The Conservancy is sponsoring a one-day public symposium April 1 at Edinboro University, to review what is known and needs to be known about the lakes and threats to their survival.

It won't be easy. While all of the lakes were spawned by the same ice sheet, human interaction has turned them in very different directions.


Lake Pleasant

The "crown jewel" is Lake Pleasant, an Ice Age relic that more than lives up to its name. Just 12 miles from Lake Erie in the rolling farmland of eastern Erie County, the 64-acre lake has only a handful of lakeside homes and is at the very top of its watershed -- a good thing for limiting pollution. Also helping to maintain water quality is a ban on boat motors.

Lake Pleasant's 40-foot depth and spring feeds make it one of the coolest lakes around. As such it is one of the few to support an abundant trout population, as well as northern pike, bass, perch and blue-gill. The lake, ringed by high-quality wetlands and emergent marshes, and its shoreline also contain almost two dozen plants and four species of fish that are endangered or threatened in Pennsylvania.

"For me the lake is like a time tunnel," said Jim Bissell, a botanist and curator at the Cleveland Museum of Natural History who did much of the rare plant inventory on Lake Pleasant and the other kettle lakes. He said Ohio's glacial lakes have lost the rare plant species that are in Pennsylvania, because of sewage and agricultural pollutants.

The Western Pennsylvania Conservancy has targeted the lake and surrounding land for special protection. Late last year, it announced the purchase of a 13.7-acre tract known as the Fellowship of the Cross Campground that borders the western shore. The purchase brings the conservancy's holdings around the lake to 262 acres, and there are plans to establish a field station for further study of the lake and public education.


Conneaut Lake

Conneaut Lake, in western Crawford County, is the largest glacial lake in the state at 934 acres, and probably the best known and most developed. Where Lake Pleasant is ringed by wetlands, Conneaut is ringed by development -- cottages, homes, condominiums, motels, restaurants, marinas, an amusement park and golf courses, miniature and full-sized.

The wetlands surrounding Conneaut, which means "place of lingering snow" in Iroquois, have been dredged and filled to provide lakefront property and channels for boats, which are abundant during the summer. A recent aerial photograph taken during the summer counted more than 1,400 boats on the lake, and a recent survey found overcrowding a concern.

"Summer is like a carnival at Conneaut. The campgrounds, the restaurants and bars and activities are all humming," Ostrofsky said. "You would think that the borough would realize that protecting the resource and keeping it attractive to visitors was important, but we haven't seen that. Sometimes you don't know what you've got til it's gone."

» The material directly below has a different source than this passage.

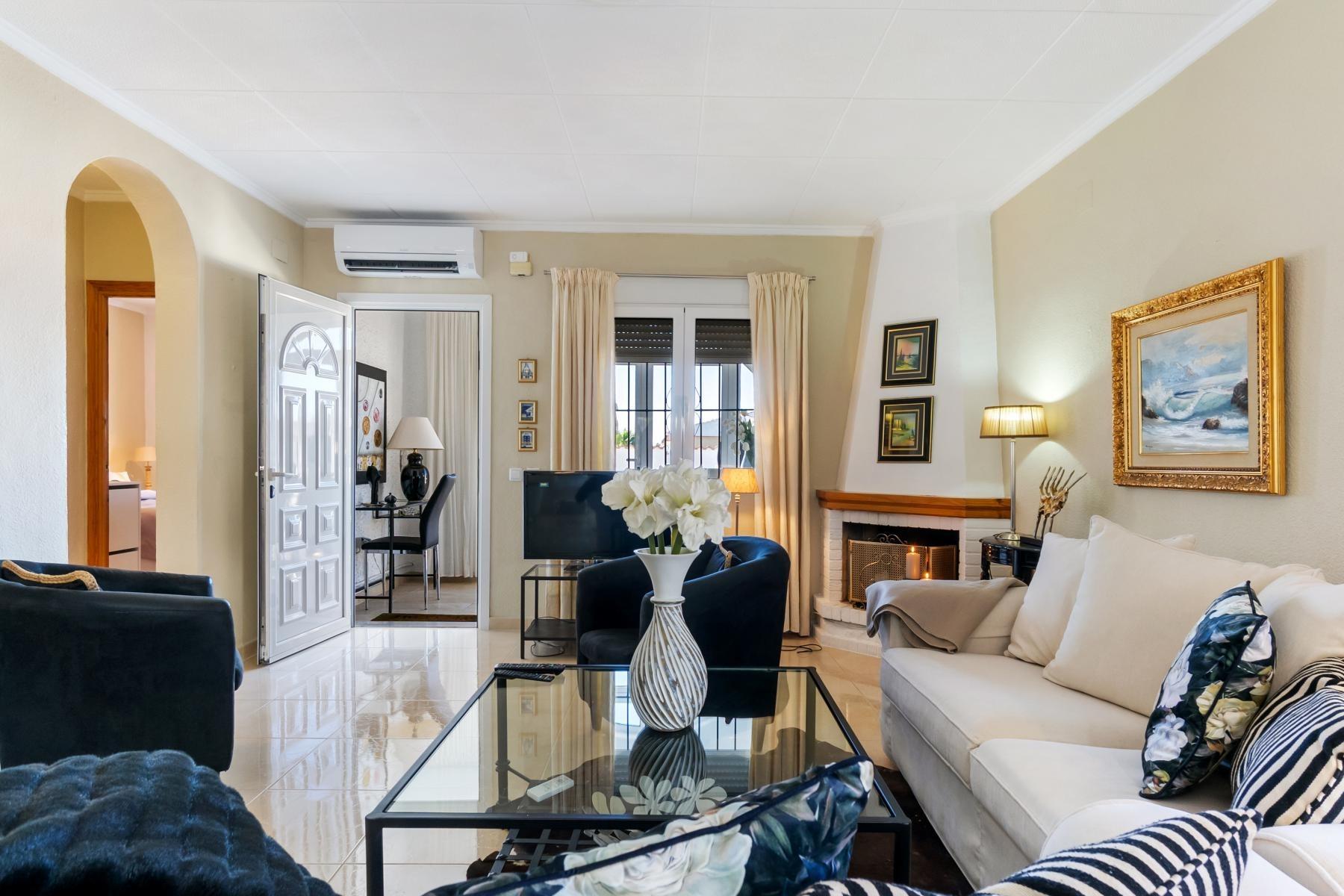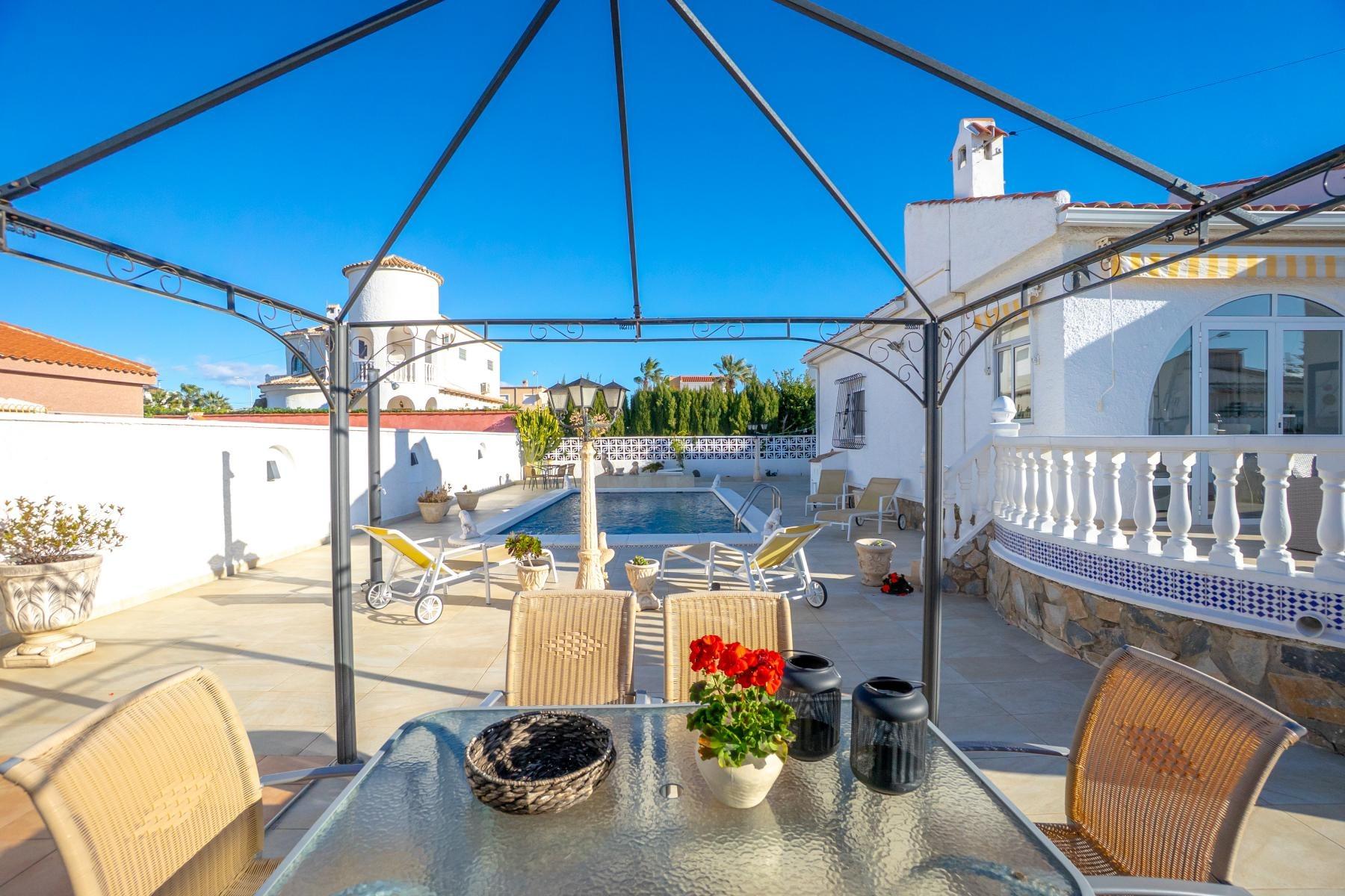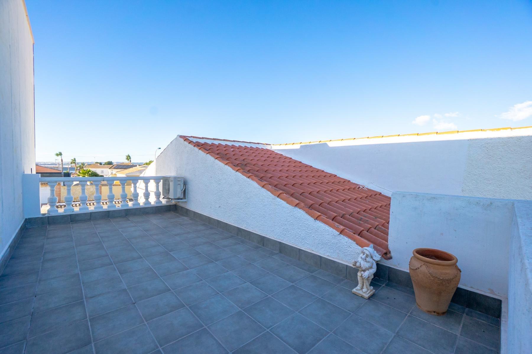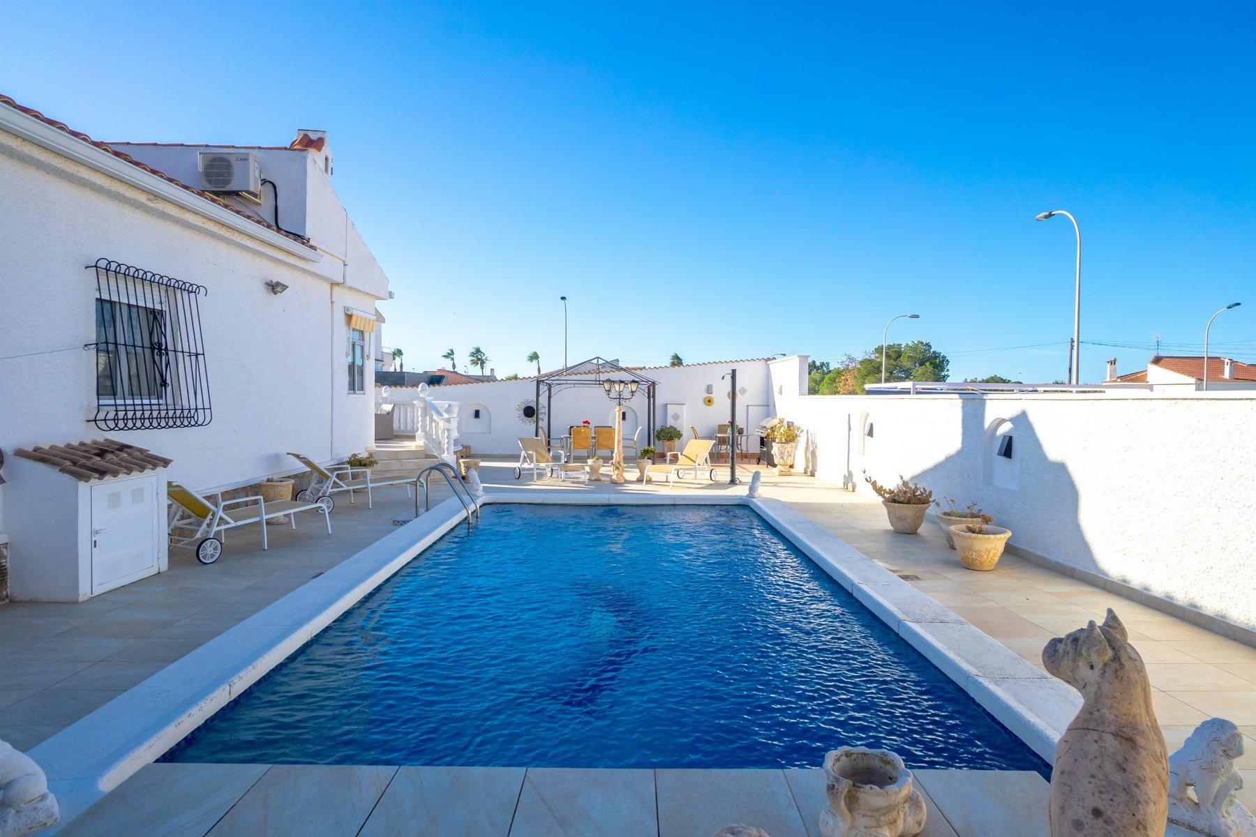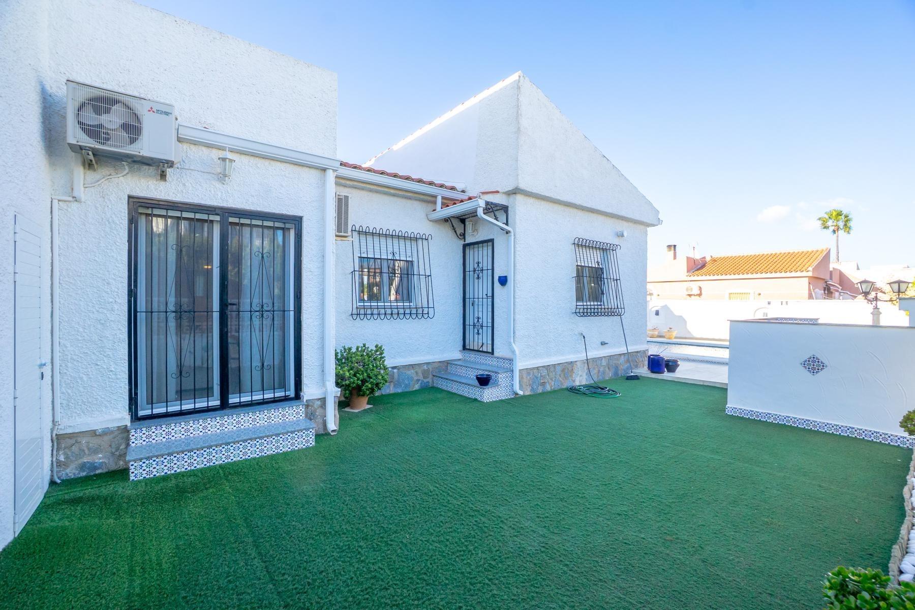 Encantador chalet pareado en El Chaparral, Torrevieja, ubicado en una de las zonas residenciales más demandadas por su tranquilidad y excelente acceso a todos los servicios. Supermercados, centro de salud, panadería, bancos, bares y restaurantes se encuentran a pocos minutos a pie, lo que lo convierte en una vivienda cómoda tanto para residencia habitual como vacacional.~~Las playas y el centro de Torrevieja están a menos de 7 minutos en coche, y la propiedad se sitúa muy cerca del nuevo parque de La Siesta, con amplias zonas verdes, áreas deportivas y espacios de recreo. Además, cuenta con proximidad a campos de golf y fácil conexión con la carretera principal.~~La vivienda se asienta sobre una parcela de 400 m², cuidadosamente aprovechada con zonas ajardinadas, piscina privada, cocina de verano, comedor exterior con barbacoa y garaje cerrado, ideal para disfrutar del clima mediterráneo durante todo el año.~~Distribuida en una sola planta, la casa se presenta en perfecto estado y lista para entrar a vivir. Dispone de una acogedora terraza acristalada, 3 dormitorios, uno de ellos en suite, un luminoso salón-comedor con chimenea y una cocina abierta completamente reformada, de estilo moderno y equipada con electrodomésticos.~~Se vende totalmente amueblada y equipada. Gracias a su orientación sur, la vivienda ofrece una excelente luminosidad y una agradable sensación de calidez durante todo el día. Mediante una escalera exterior se accede al solárium, un espacio adicional con múltiples posibilidades.~~Una propiedad ideal para crear su hogar permanente o disfrutarla como vivienda de vacaciones. Contáctenos para más información y reserve su visita para descubrir todo lo que esta vivienda puede ofrecerle.~

Problems on the 68-foot deep lake include pollution from sewage and agriculture and the resultant abundant aquatic plant growth. Lakeside property owners have used herbicides and tried harvesting the seaweedy tendrils.

"The chemicals kill the weeds but they don't solve the problem," Ostrofsky said. "The long-term solution will be to reduce the amount of nutrients finding their way into the water."


Canadohta

The lake called Canadohta, which could be an Indian word for "lake of many cottages," has recently shown improved water quality despite development that has stacked vacation homes six lots deep along much of the shoreline.

The 168-acre lake is cleaner than it was 20 years ago because all of the cottages have had to abandon ineffective individual septic systems and hook up to a sewer system and treatment plant.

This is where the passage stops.